Group 2 female No. 230 that received 7.5 mg/kg/day was found dead on Day 55 of treatment. A macroscopic finding of a depression on the left kidney was observed which correlated with a microscopic finding of a focal cortical scar. Other microscopic findings observed were minimal cortico-medullary mineralization in the kidneys and minimal axonal degeneration of the sciatic nerve. These findings are commonly observed in laboratory rats and were considered unrelated to treatment. No major factor contributing to death was identified. As this was a female from a low dose group and there were no other decedent animals from treated groups this death was considered unrelated to treatment.
Body weight and weight changes:
effects observed, treatment-related
Description (incidence and severity):
The overall bodyweight gain for males receiving 30 mg/kg/day during the 10 week pre pairing treatment period was slightly low at approximately 92% of Controls (p<0.05); this was not evident for females at this dose level.

There was no effect on body weight gain for males, or females before pairing, receiving 7.5 or 15 mg/kg/day.

There was no effect of treatment on body weight gain during gestation.

During Days 1 to 4 of lactation females receiving 15 mg/kg/day showed low weight gain (p<0.01) and females at 30 mg/kg/day showed body weight loss (p<0.01) when compared with Control animals and overall (LD1-21) body weight gain at 30 mg/kg/day was low at approximately 56% of Controls (p<0.01).

PLEASE REFER TO THE ATTACHED TABLES "BODYWEIGHT DATA - F0 GENERATION"
Food consumption and compound intake (if feeding study):
effects observed, treatment-related
Description (incidence and severity):
During the first three weeks of treatment food consumption for males receiving 15 or 30 mg/kg/day was statistically significantly low when compared with Controls and overall the total food consumption for males receiving 30 or 15 mg/kg/day was 95% of Controls for the 10 week pre-pairing phase.

Food consumption before pairing for males receiving 7.5 mg/kg/day and for females at dose levels up to and including 30 mg/kg//day was unaffected by treatment.

There was no effect of treatment on food consumption during gestation.

During lactation, at 30 mg/kg/day food consumption was low when compared with Controls, with the differences attaining statistical significance on lactation Days 1-4 (p<0.05) and Days 14-21 (p<0.01).
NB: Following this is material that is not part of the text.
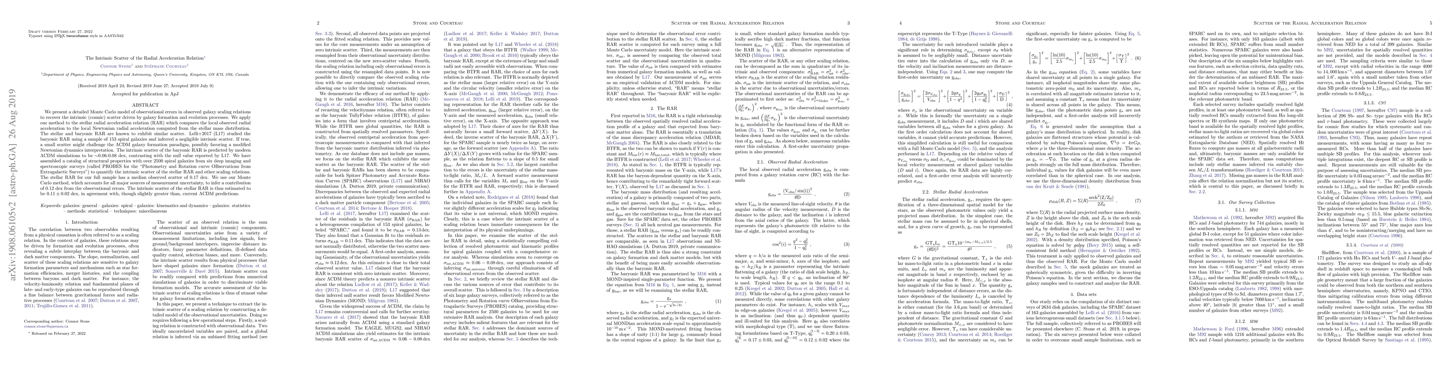 This study uses a Monte Carlo model to quantify the intrinsic scatter in the stellar radial acceleration relation (RAR) by accounting for observational errors. The intrinsic scatter of the stellar RAR is estimated to be 0.11±0.02 dex, slightly greater than the predictions of the LCDM galaxy formation paradigm.

Up to Day 13 of lactation food consumption at 7.5 and 15 mg/kg/day was similar to Controls, however from Day 14-21 food consumption at these dose levels was slightly low when compared with Controls (p<0.01).

PLEASE REFER TO THE ATTACHED TABLES "FOOD CONSUMPTION DATA - F0 GENERATION"
Food efficiency:
not examined
Water consumption and compound intake (if drinking water study):
not examined
Ophthalmological findings:
not examined
Haematological findings:
effects observed, treatment-related
Description (incidence and severity):
After 18 weeks of treatment males that received Dapsone had statistically significantly low mean haematocrit, haemoglobin concentration, erythrocyte count, mean cell haemoglobin, mean cell haemoglobin concentration and significantly high mean cell volume when compared with Controls; these differences were evident at all dose levels with limited evidence for a dose related response.

In addition males that received Dapsone up to and including 30 mg/kg/day had statistically significantly high neutrophil and platelet counts; there was no evidence for a dose response.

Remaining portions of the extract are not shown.